▸ **Assignment**: When copying the data below, keep only the lines from the one with "Micro USB Type-c" through the one with "한화 문동주가 31일", word for word, and skip the pictures.

▸ **Data listing**:
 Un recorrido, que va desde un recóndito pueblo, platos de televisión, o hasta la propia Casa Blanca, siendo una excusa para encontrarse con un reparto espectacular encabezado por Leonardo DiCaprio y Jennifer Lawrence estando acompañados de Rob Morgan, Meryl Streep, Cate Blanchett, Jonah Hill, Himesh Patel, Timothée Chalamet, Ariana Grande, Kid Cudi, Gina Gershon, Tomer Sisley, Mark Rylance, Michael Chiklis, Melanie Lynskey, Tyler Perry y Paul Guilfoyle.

==

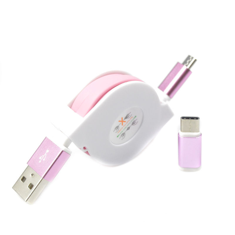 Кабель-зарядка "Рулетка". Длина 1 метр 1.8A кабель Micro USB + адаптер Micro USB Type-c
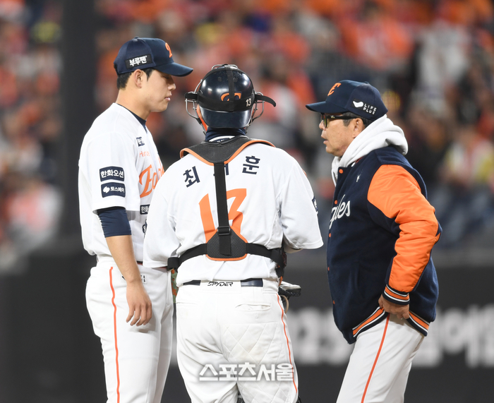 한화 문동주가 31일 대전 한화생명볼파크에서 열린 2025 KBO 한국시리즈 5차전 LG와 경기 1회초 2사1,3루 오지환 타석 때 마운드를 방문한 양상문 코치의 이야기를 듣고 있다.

▸ **Task result**:
 Кабель-зарядка "Рулетка". Длина 1 метр 1.8A кабель Micro USB + адаптер Micro USB Type-c
 한화 문동주가 31일 대전 한화생명볼파크에서 열린 2025 KBO 한국시리즈 5차전 LG와 경기 1회초 2사1,3루 오지환 타석 때 마운드를 방문한 양상문 코치의 이야기를 듣고 있다.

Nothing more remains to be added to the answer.